-- EXERCISE GOAL --
Your job with the data below: print everything from the line that holds "明洞の街中で一際目立つ建築物" down to the line that holds "5、最后使用偏移工具偏移底面", ends included, exactly, and nothing else.

-- DATASET CONTENT --
■ ■ ■

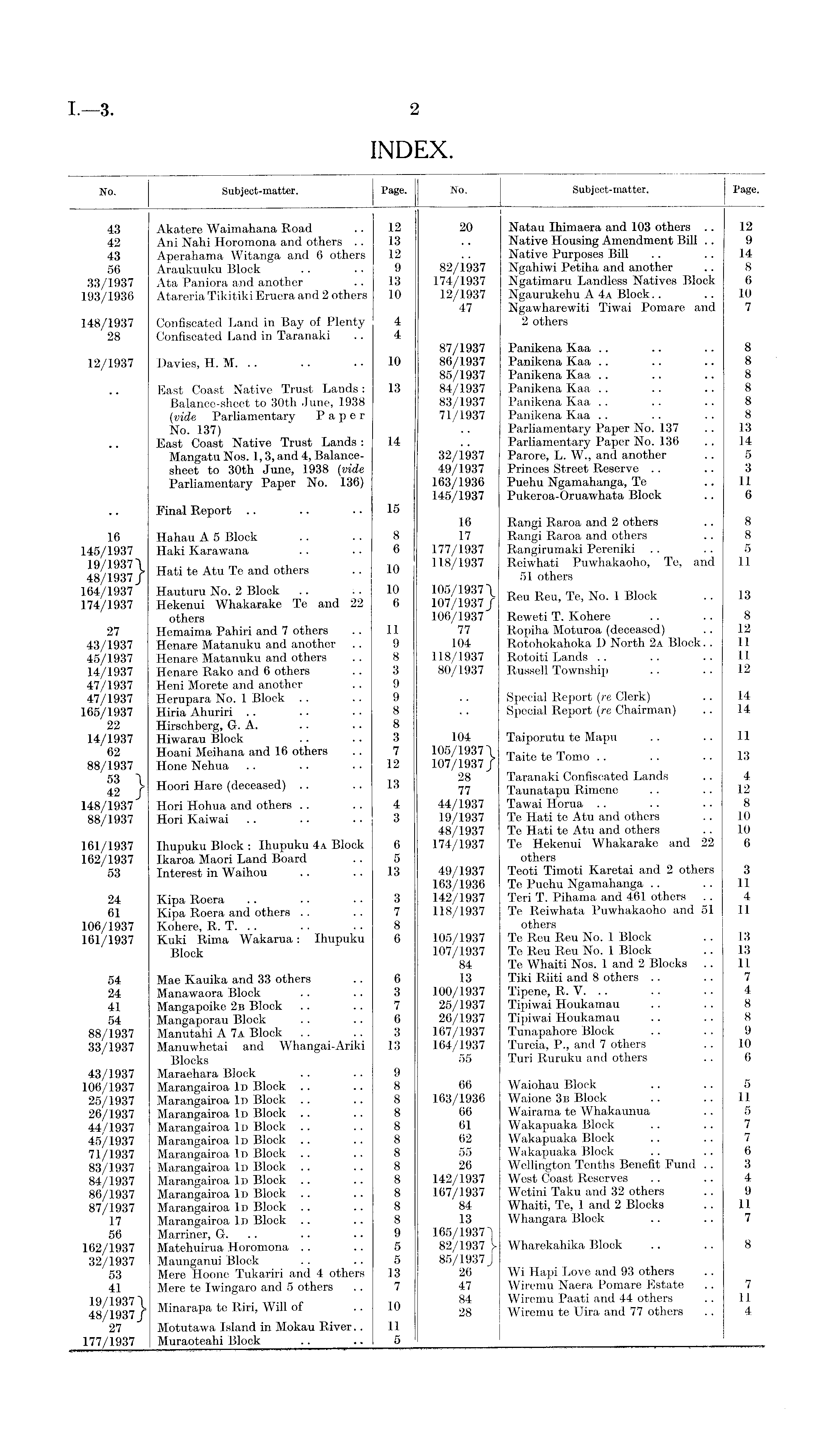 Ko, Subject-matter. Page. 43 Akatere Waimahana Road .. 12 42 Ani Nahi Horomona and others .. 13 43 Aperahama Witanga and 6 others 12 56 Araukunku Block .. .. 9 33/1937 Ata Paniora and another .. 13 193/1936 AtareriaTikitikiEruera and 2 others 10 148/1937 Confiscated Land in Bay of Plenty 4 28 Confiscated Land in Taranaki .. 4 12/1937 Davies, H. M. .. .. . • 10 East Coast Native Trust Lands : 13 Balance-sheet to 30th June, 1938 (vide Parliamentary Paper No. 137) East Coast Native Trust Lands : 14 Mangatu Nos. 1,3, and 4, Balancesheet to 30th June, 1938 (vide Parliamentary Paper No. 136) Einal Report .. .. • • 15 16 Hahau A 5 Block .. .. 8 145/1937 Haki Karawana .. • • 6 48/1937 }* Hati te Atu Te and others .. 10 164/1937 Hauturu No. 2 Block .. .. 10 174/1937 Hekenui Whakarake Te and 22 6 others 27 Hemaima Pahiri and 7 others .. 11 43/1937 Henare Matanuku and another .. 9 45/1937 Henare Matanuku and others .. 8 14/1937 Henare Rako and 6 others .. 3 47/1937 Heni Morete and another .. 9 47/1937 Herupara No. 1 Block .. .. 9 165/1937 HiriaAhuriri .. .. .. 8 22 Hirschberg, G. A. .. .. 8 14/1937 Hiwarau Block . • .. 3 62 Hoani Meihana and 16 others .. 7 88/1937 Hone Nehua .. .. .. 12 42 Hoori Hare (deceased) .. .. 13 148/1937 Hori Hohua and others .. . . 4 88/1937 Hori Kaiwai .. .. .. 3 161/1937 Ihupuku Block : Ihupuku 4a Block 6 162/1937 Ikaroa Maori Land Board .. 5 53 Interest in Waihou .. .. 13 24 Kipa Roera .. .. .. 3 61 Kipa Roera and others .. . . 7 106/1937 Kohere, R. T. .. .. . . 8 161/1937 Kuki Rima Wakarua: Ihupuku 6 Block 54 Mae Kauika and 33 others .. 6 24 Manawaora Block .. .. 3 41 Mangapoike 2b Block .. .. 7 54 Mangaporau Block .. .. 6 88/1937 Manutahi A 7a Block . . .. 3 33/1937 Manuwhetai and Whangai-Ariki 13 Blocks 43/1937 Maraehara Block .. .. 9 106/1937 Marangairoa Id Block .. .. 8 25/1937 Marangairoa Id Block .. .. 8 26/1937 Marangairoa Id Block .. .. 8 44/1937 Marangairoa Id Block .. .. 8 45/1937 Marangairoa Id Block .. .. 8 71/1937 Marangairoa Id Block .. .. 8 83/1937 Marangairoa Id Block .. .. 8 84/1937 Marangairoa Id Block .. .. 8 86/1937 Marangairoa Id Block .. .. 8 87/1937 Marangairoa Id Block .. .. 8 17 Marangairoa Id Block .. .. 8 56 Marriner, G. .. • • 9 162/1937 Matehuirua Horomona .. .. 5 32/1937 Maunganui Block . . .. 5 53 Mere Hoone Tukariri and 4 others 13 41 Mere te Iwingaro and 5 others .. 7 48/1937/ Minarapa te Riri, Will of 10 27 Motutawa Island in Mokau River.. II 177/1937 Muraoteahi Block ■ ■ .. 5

■ ■ ■

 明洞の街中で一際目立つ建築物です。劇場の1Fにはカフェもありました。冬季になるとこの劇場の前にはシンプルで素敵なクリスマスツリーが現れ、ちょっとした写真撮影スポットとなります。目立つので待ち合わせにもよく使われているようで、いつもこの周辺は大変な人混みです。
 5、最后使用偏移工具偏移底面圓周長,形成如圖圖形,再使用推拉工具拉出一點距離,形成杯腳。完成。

■ ■ ■

-- EXERCISE SOLUTION --
 明洞の街中で一際目立つ建築物です。劇場の1Fにはカフェもありました。冬季になるとこの劇場の前にはシンプルで素敵なクリスマスツリーが現れ、ちょっとした写真撮影スポットとなります。目立つので待ち合わせにもよく使われているようで、いつもこの周辺は大変な人混みです。
 5、最后使用偏移工具偏移底面圓周長,形成如圖圖形,再使用推拉工具拉出一點距離,形成杯腳。完成。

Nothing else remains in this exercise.